I have to admit that a part of me hopes to fail or at least not do as well as one would have liked just so I can add fuel to the fire to keep going. My friends first came out in bunches when I started comedy but had zero clue of what I was doing. Now that I have an idea what I am doing, I can’t seem to get those same people out to a show. Talk about irony, hey?

I don’t mind failing, or at least I used to not care that much depending on who was in the audience on that particular night. If there is a room full of people I don’t know and I do an “okay” job, I can live with that. But if that same room has some people (aside from the comics) that know me and I do that same “okay” job, it bothers me. It’s like I take more pleasure in failing when there are people I don’t know in the audience.

Do I do comedy because I want to succeed, or do I do comedy because I look forward to not hitting the mark on nights like tonight?

I had one comedian tonight tell me that on their worst night they would be better than me, even though they have a loose idea of what they will talk about. It’s not to say that I am throwing this person under the bus. I am sure they were being honest and sincere in their assessment of things, but it still made me wonder why I do comedy if even some of the comics don’t think I will do any better?

I have two guest spots booked at the professional comedy clubs in Saskatoon and Regina in the next couple of months. The stage in Saskatoon I have been on four times. Twice were average and the last two times were a learning experience to say the least. The show in Saskatoon in mid-February will undoubtedly for sure be piss-your-pants nerve wracking, nervous and scary for me. The shows at this pro club here in town have added significance to me and that much more pressure. It’s a completely different crowd than one that comes to a bar for an open mic. Even though things are slowly starting to see some improvement (like the crowd work, being spontaneous with the crowd) it’s still intimidating.

Frank Sinatra once said in an interview that before he heads on stage, the moments before the curtain rises, he wonders if he still has it, if it will still be there in the first few notes. Shit, when I get on stage I sometimes wonder if it will be there at all!

It’s scary, although fear can be a good thing. But the fear of fucking it up has held me in bondage so much at times, I am not able to properly harness that fear and use it to my advantage to do a good job.

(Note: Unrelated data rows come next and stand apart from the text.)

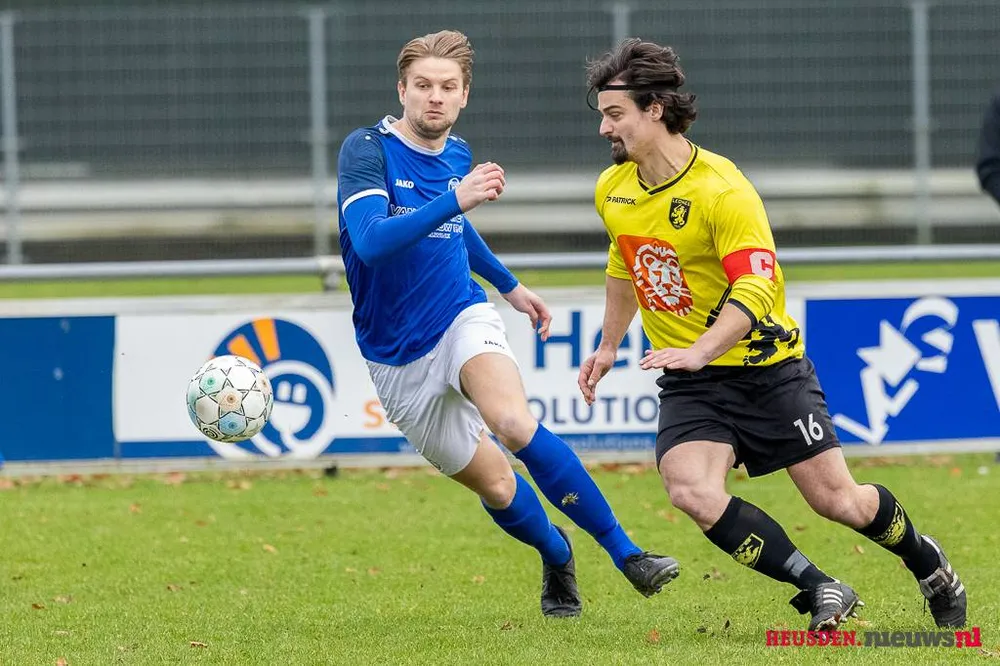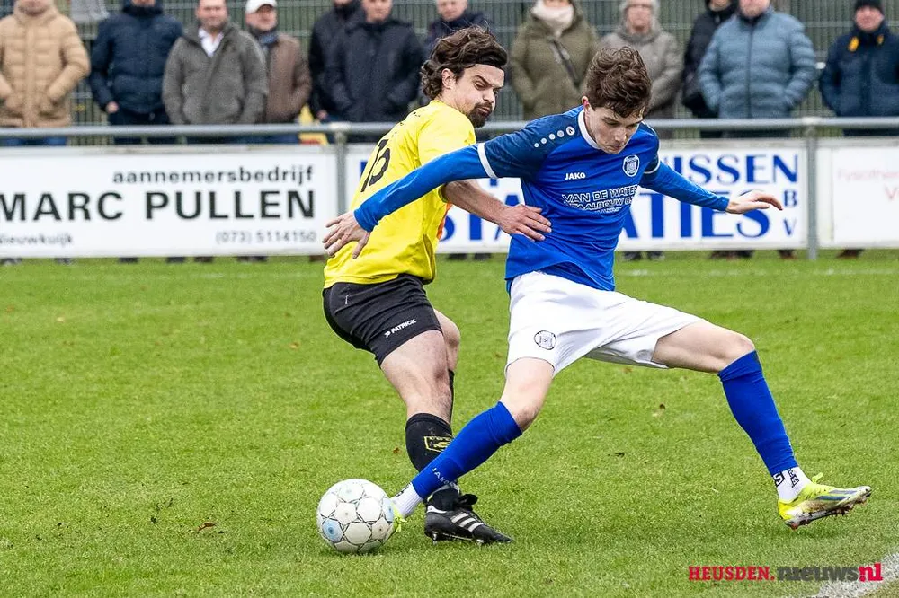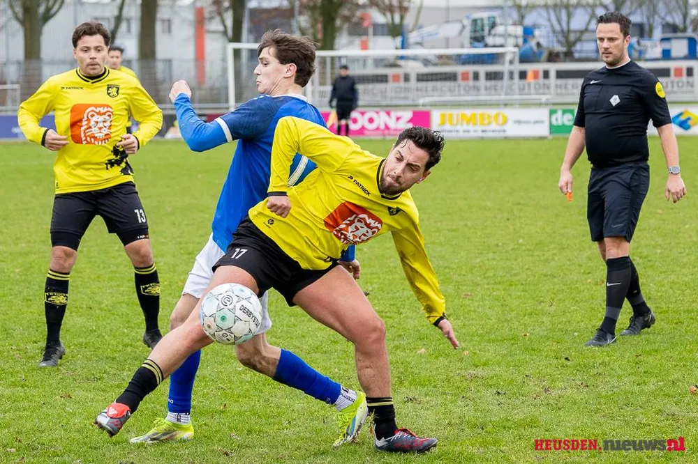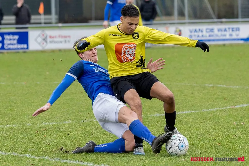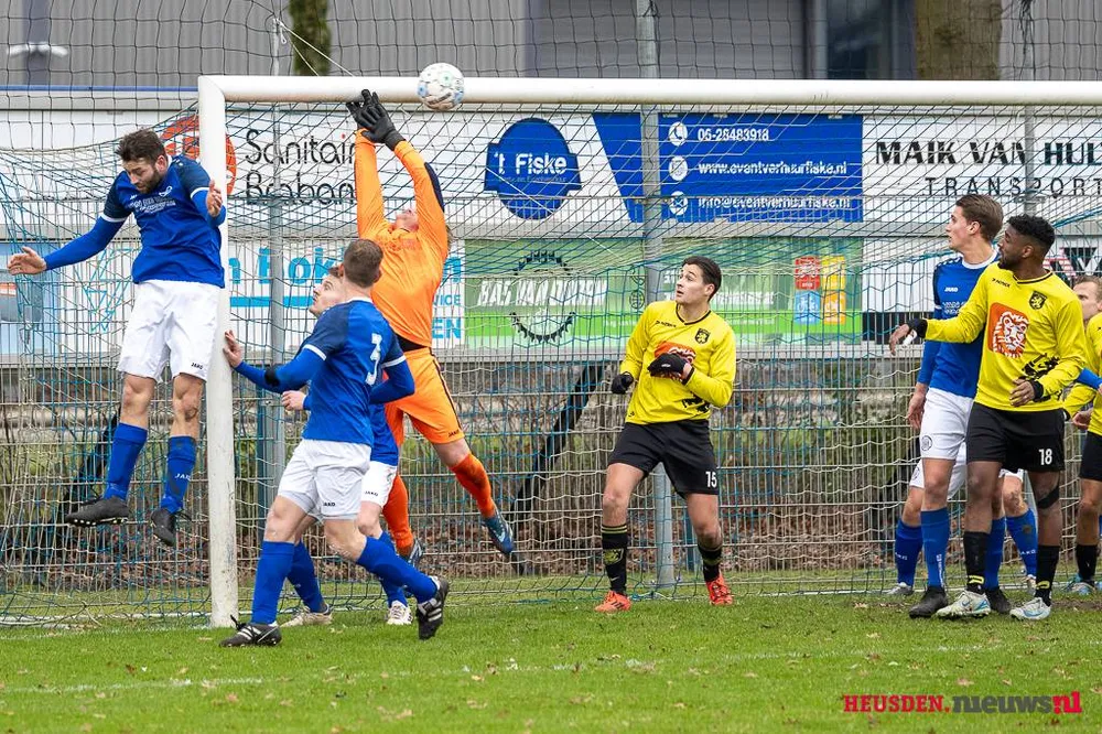 Een zeperd hing in de lucht, maar binnen negen minuten zag de wereld voor blauw en wit er heel anders uit. Door doelpunten van John van Dommelen en Lars van Baardwijk waren de bordjes verhangen. Daarmee was de koek wat de spanning betreft nog niet op. In de slotminuut scoorde Leones de gelijkmaker, maar de scheidsrechter keurde het doelpunt af vanwege aanvallen van de doelman. ,,Heel erg dubieus”, vond trainer Ronny Everaerts. ,,Het zat ons dus enorm mee.”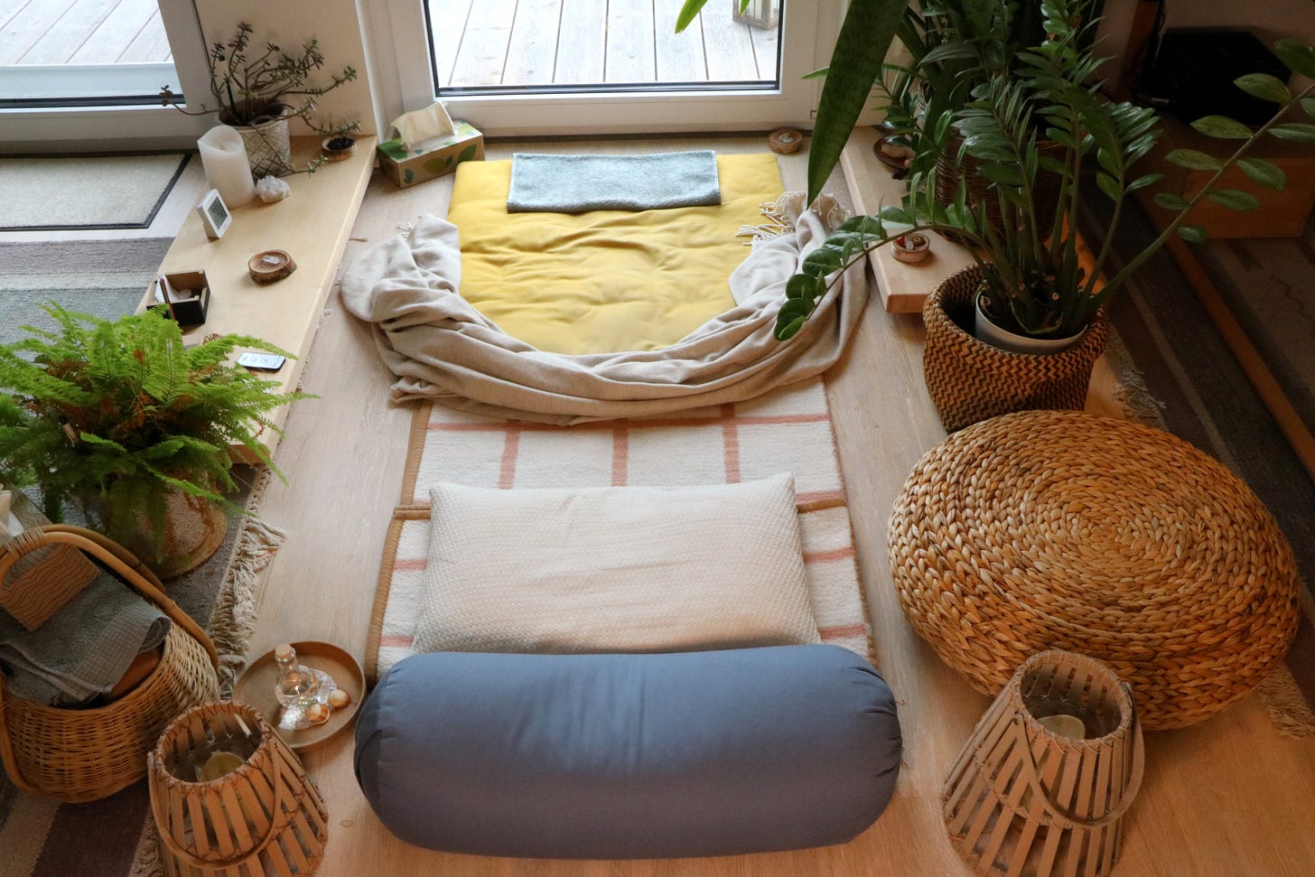 In the picture above, you see my meditation place on a random day. It’s how I left it yesterday night. It conveniently faces east. I read somewhere, that facing east while meditating is good. Also, it is in front of a window, which allows me to see the garden, which is great.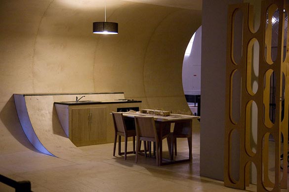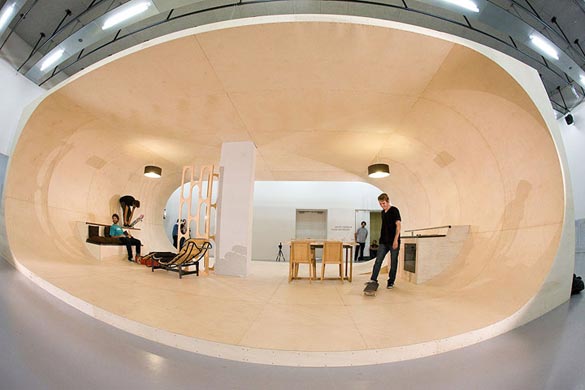 Оваа куќа е одлична за оние како што би рекле, шивеат за скејбордингот. Целото секојдневие ќе Ви биде поврзано со скејбординг, со самото тоа што куќата е поделена на три дела : првиот го вклучува дневниот престој со трпезарија и кујна, вториот спална и бања, а третиот дел е сала за скејтбординг. Специфично е тоа што не само салата моше да се користи за скејт, туку и просториите од другите два дела од куќата се обработени во форма на континуирана туба, заедно со вградениот мебел.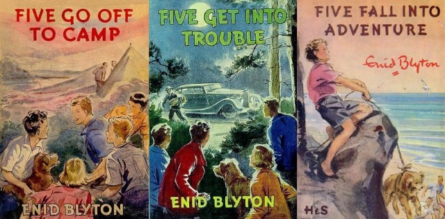 Early edition dustjackets from “Five Go Off to Camp”, “Five Get Into Trouble” and “Five Fall Into Adventure”, all illustrated by Eileen Soper.

The only thing that I need at my show in mid-February is the most important person in the world to be sitting near the front of the stage, or at least close enough where I can see them. I don’t know what it’s like to feel like a success on stage yet, or maybe that one moment happened so long ago I forgot what it feels like. It’s going to be scary, and I sure as hell cannot do it alone. At the same time, even though failure is a good teacher I have failed more often than not over these last four years. It’s time for me to start to justify the faith and confidence that people have in me to deliver the goods. Not to be awesome, just to do a decent job. I hate being comfortable being uncomfortable. It’s time to step up my game and be better for the one person in the audience that matters more than anyone else.